Real Estate is Local but Some Factors Affecting Sales are More Global
I'll be the first to agree that real estate markets are, for the most part, local. You'll see a wide range of differences between sold prices and market times, and prices will vary widely by zip code and neighborhood.
But speaking knowledgeably about real estate markets takes more than just knowing the neighborhood or community.
Here are some factors that are NOT necessarily local:
Lending rates and terms - You won't always see a huge difference in rates between your local bank and a mega-lender like Wells Fargo or Bank of America. We all know where mortage interest rates come from and it isn't your local or community bank.
Job Market and Household Income - There may be local to some extent, but you'll get a better idea of major economic factors affecting affordability on a citywide or statewide level.

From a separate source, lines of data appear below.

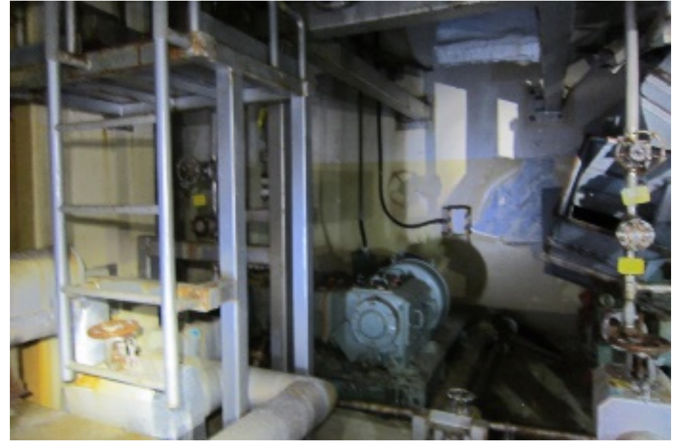
ほう酸水注入系周辺（事故後初めて入域）

【日 時】平成27年2月21日 13時00分頃～14時00分頃（4階：約30分）
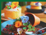
ティラミスの果実
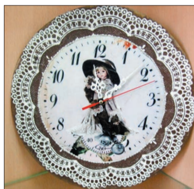
Декупажировать можно любое изделие. С помощью этой техники Нина Широкова, например, создала настенные часы.
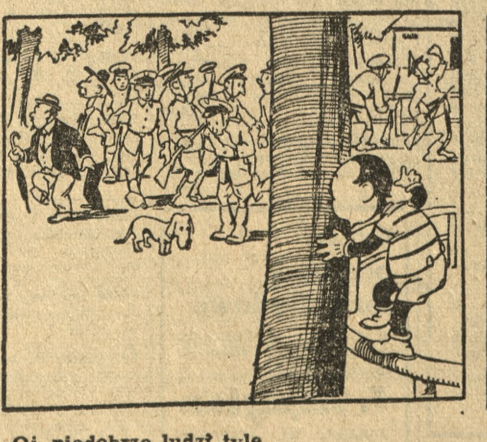
Oj, niedobrze ludzi tyle, gdzie ja się przed nimi skryję!
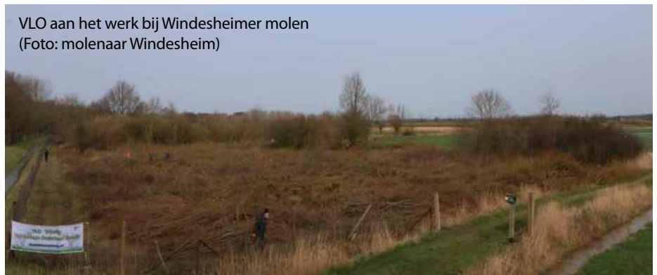
VLO aan het werk bij Windesheimer molen

De VLO knotte de eerste week van januari 2020 achter Soeslo. Een gebied waar prachtige rijen populieren en wilgen staan die al vele jaren door de VLO worden geknot. De oliebolle smaakten goed, het vuurtje knapperde en de reeën kwamen ook nog even kijken. Eigenlijk zou er nog een week gewerkt worden, maar dankzij de grote groep knotters (38) was het werk al snel klaar. De rest van januari was het lekker knotten in de landerijen aan de Nilantweg. In februari werden een paar rijen wilgen in de omgeving van de Schelberger molen geknot. De week erop werd op twee plaatsen geknot, op het erf aan het begin van de Aalvangersweg en op een erf aan de Kattenwinkelweg. Het griend bij de Windesheimer molen was drie weken lang het terrein voor de knotters. Het was heerlijk toeven bij de molen, soms met wel heel harde wind, maar toch ook nog wel in het zonnetje gezeten met de koffie en soep. Zelfs de wielrenners van de 'Ster van Zwolle' kwamen nog even langs. En de wieken van de molen draaiden volop! De afsluiting van het knotseizoen was in de Nooterhof met allerlei snoei-, knot en herstelwerk.
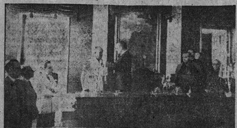
El Gobernador Civil, don Carlos Ruiz, impone la Medalla del Mérito Civil al Alcalde de Vallecas, don Alfonso Vázquez

El Gobernador Civil impuso al Alcalde, camarada Alfonso Vázquez, la Medalla del Mérito Civil

Mortgage loan availability - This probably won't vary much from one community to another, unless you are looking for a home in an area where there are few comparable recent sales.

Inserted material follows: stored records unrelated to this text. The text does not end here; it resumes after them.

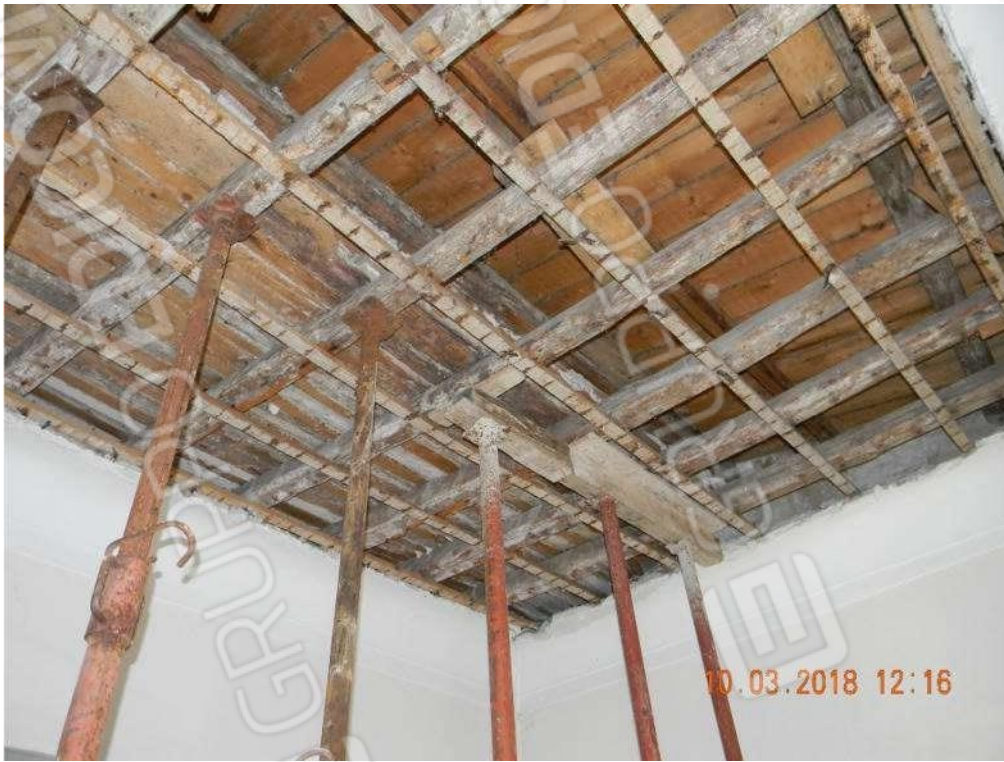
Foto 16 - Soffitto del vano n.3.
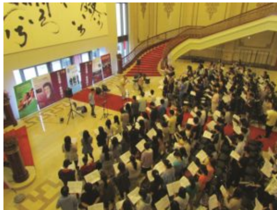
PUST (Norway) giving a workshop to the festival participants and singers
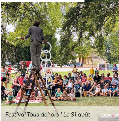
Festival Tous dehors ! Le 31 août

The nationwide economy and regional economic factors - The effects of the Federal Government "sequester" and of "austerity" aren't necessarily local, unless you're selling in an area composed of mostly Federal employees. Job furloughs (and the resulting decline in some household incomes affected by those factors) aren't exclusively local either.

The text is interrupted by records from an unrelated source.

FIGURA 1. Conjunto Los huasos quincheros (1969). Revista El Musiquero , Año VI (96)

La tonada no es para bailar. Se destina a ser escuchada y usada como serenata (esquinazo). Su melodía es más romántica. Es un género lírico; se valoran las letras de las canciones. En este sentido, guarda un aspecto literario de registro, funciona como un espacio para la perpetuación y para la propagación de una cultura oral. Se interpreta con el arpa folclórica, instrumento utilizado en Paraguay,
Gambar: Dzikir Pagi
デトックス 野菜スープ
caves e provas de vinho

Effects of Taxation - Look to the State and County level for the effects of property taxes on your prospective buyers.
Knowing the local area is one aspect of the real estate market (or claiming to know the local market), but it's not the whole picture. Agents like to quote the "real estate is local" slogan when it best serves their business model. Big box firms with many franchises point to "local" as justification for dividing a metro area into little territories, each served by one of their offices. Various listing aggregators (no names needed here) do the same thing, selling territories (for a hefty fee, of course) to an agent who wishes to purchase the title "local expert".
Unfortunately, the public doesn't know how to differentiate between the paid "local expert" and someone who actually knows the market in a particular area. Our industry has allowed the term "expert" to become cheapened to such an extent that it has become meaningless.